— What this task involves —
Look below for the line that contains "(서울=포커스뉴스) 27일 오전", then quote it and all the lines after it, exactly, with the pictures left out.

— Items from a data source —
..........

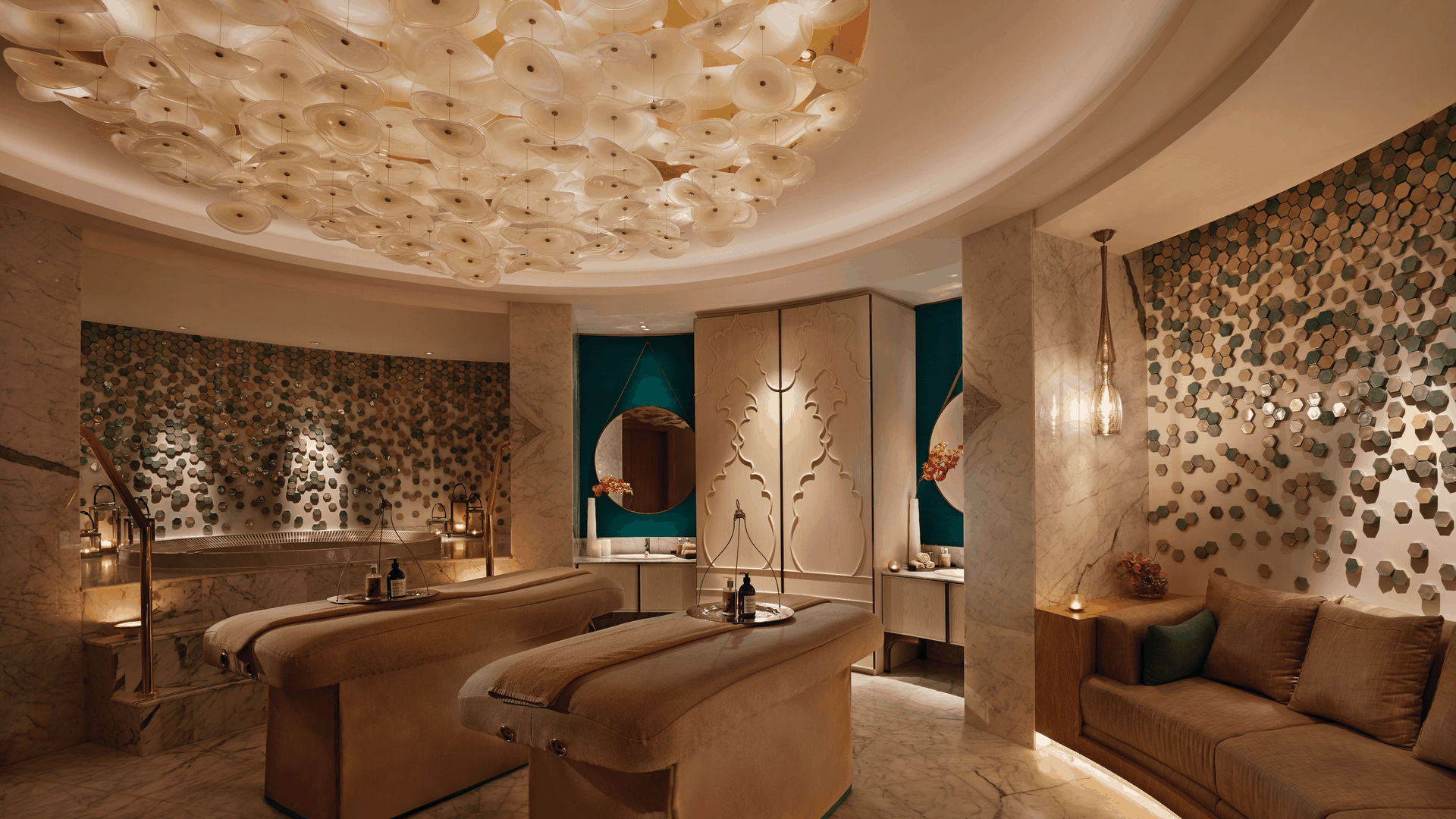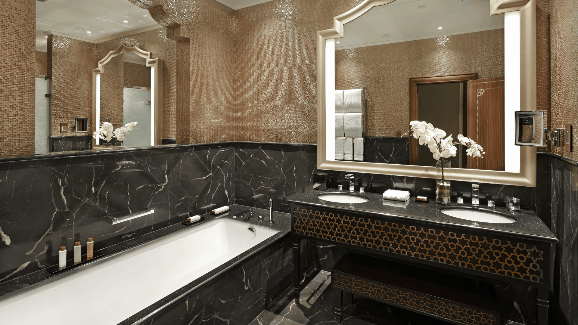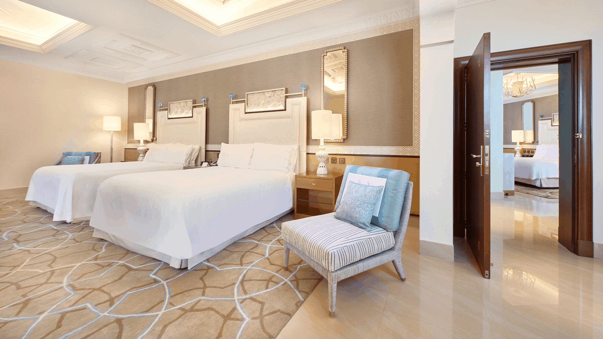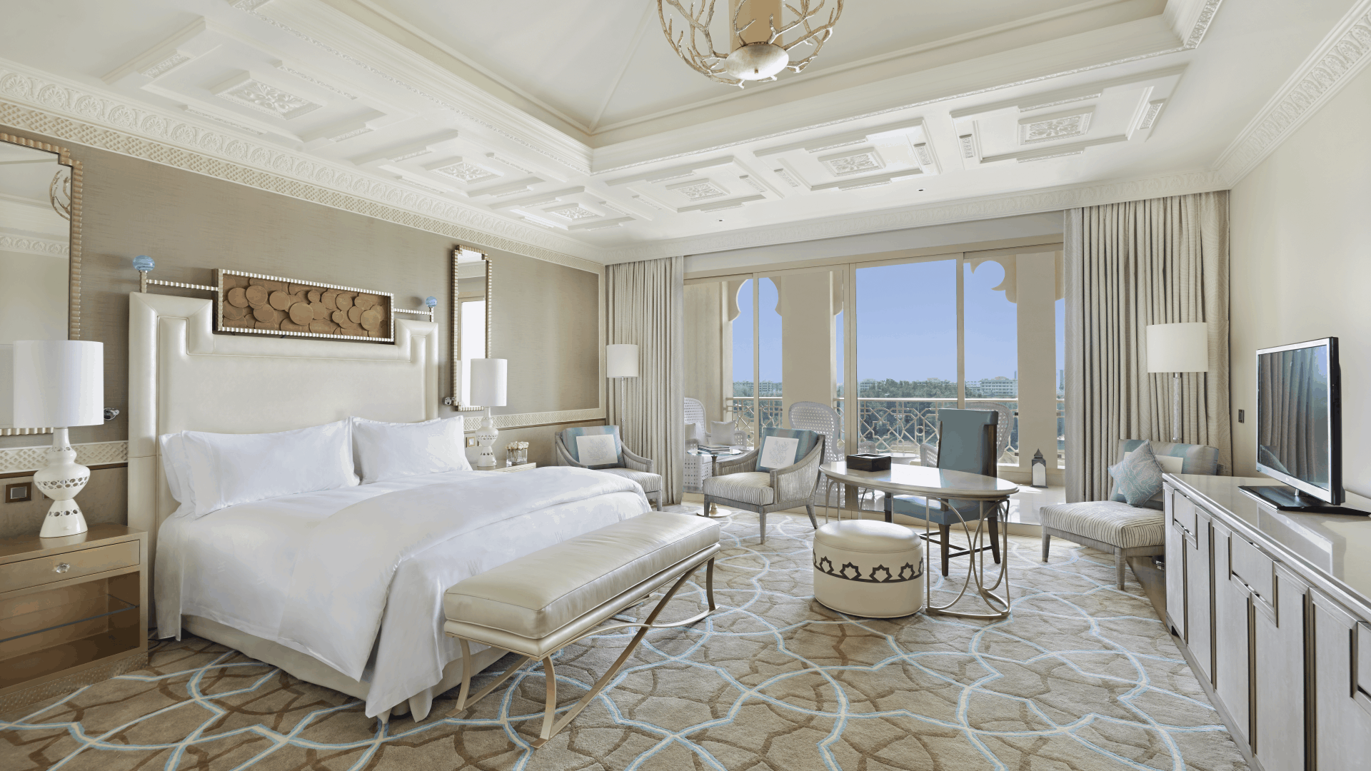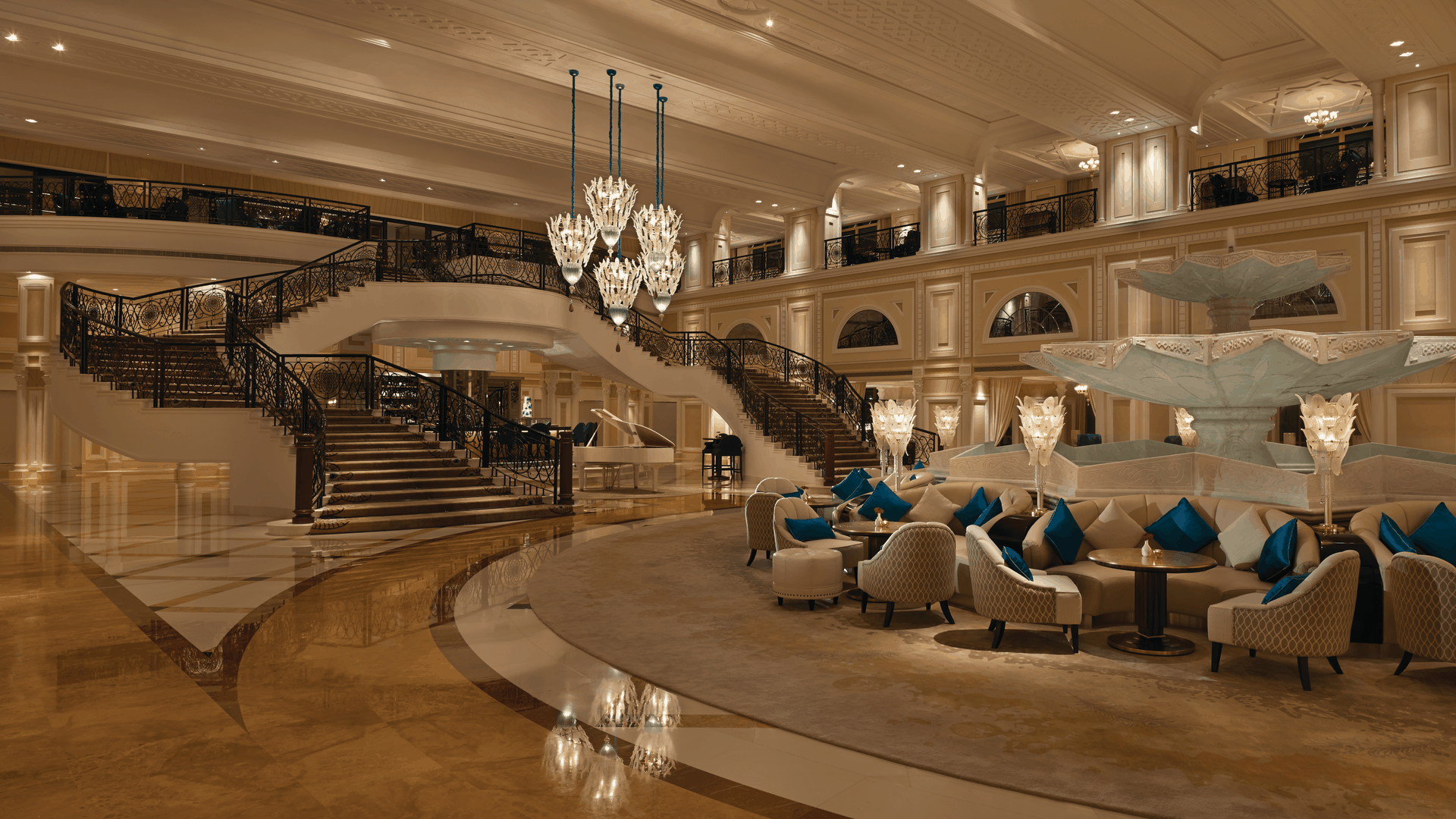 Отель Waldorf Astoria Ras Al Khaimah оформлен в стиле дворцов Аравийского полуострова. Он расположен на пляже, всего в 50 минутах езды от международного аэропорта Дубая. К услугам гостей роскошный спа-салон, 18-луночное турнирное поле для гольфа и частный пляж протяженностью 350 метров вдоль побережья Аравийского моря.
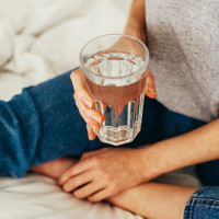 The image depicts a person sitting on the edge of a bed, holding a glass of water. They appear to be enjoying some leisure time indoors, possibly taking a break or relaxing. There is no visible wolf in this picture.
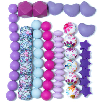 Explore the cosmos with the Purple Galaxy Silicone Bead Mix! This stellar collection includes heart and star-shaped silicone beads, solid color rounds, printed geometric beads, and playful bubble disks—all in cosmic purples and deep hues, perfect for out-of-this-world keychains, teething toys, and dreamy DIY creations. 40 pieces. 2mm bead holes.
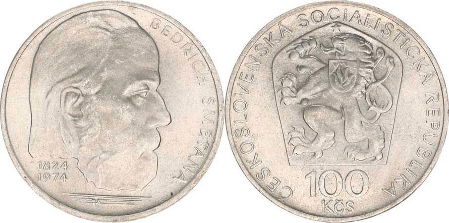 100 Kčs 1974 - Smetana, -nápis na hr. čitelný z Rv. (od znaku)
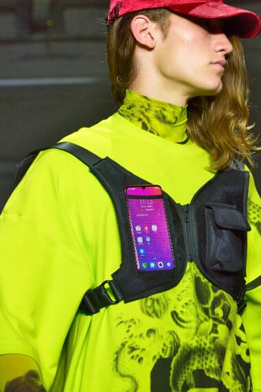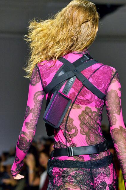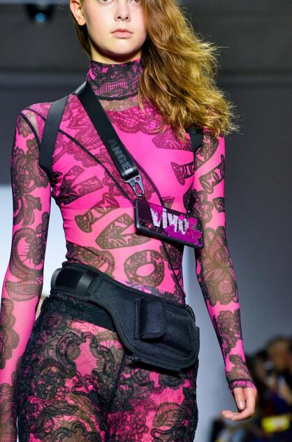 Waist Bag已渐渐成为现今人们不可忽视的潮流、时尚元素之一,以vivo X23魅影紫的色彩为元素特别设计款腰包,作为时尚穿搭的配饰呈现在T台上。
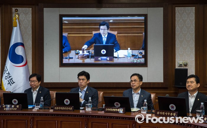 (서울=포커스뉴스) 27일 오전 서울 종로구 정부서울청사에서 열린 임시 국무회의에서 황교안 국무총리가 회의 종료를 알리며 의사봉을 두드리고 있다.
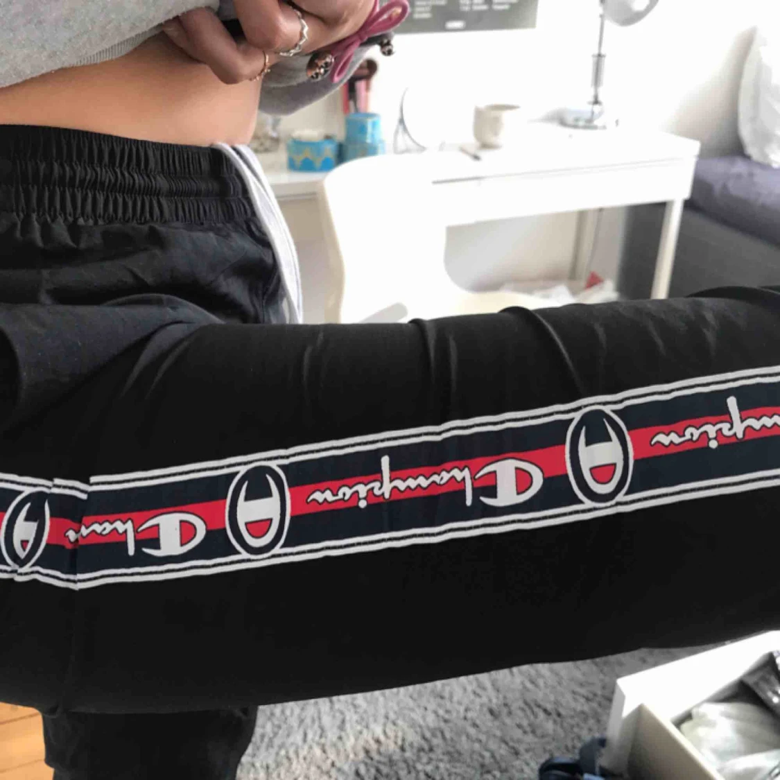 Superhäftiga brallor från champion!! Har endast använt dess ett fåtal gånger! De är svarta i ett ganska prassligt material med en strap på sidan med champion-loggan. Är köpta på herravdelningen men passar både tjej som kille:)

..........

— Result below —
 (서울=포커스뉴스) 27일 오전 서울 종로구 정부서울청사에서 열린 임시 국무회의에서 황교안 국무총리가 회의 종료를 알리며 의사봉을 두드리고 있다.
 Superhäftiga brallor från champion!! Har endast använt dess ett fåtal gånger! De är svarta i ett ganska prassligt material med en strap på sidan med champion-loggan. Är köpta på herravdelningen men passar både tjej som kille:)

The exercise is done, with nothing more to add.